Dear Systems Thinker,Just as the Lean waters have gotten muddied - correction, they were always muddy. A "paper tiger" of copying the Japanese/Toyota through tools and shallow thinking.
"Systems thinking" has now become a phrase associated with copying and those that believe they too can be just like Vanguard. So, we abandon "systems thinking" in favor of the Vanguard Method (tVM).
Why the change? Recently, I ran into some folks claiming systems thinking. When I looked at what they had done, it was process improvement. And so the muddies are watered from observers of the system (rather than participants) that can speak the language, but not understand the systemic management issues that need to be changed. This is dangerous.
For those of you knowing my lifetime pursuit for a method that is comprehensive and sustainable, why this method offers any service or government organization something that the others have not . . . delivery of systemic change using all of Dr.
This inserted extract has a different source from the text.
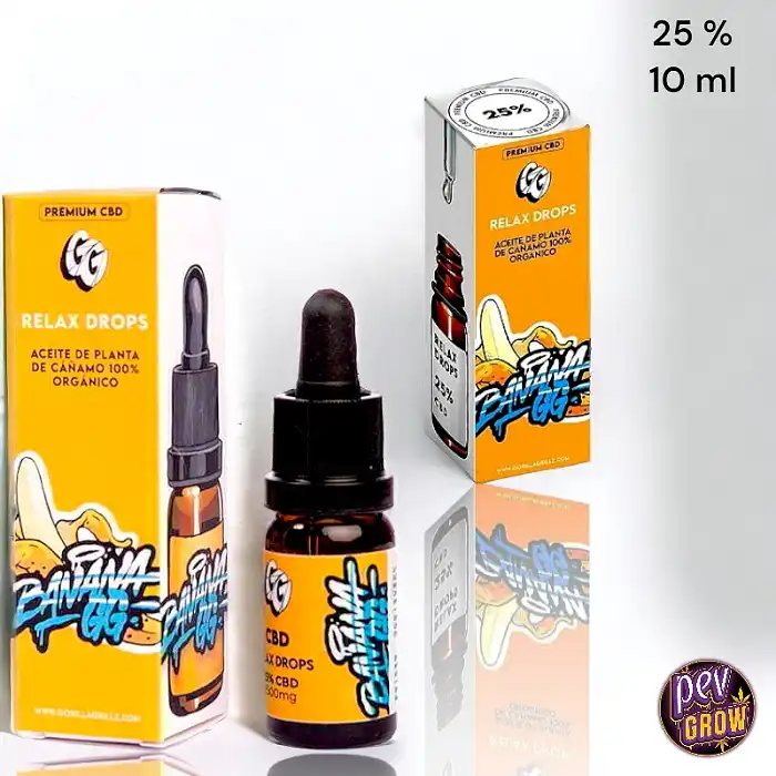 Gorilla Grillz ( Banana GG ) Aceite CBD 25% 10ml 2500mg CBD combina alta concentración de CBD y sabor a banana. Espectro completo para bienestar total, con base de aceite de coco y dosificación precisa gracias a su gotero.

Deming's System of Profound Knowledge - Appreciation for a System, Theory of Variation, Theory of Knowledge and (especially) Psychology. The Vanguard Method covers them all and continues refinement, so why do organizations want to engage those that can only copy? New thinking can't emerge from copiers - they are always a step behind.
The Vanguard Method will challenge both worker and management. It serves as a warning label, so the weak can self select themselves into other improvement programs. Just don't call it the Vanguard Method.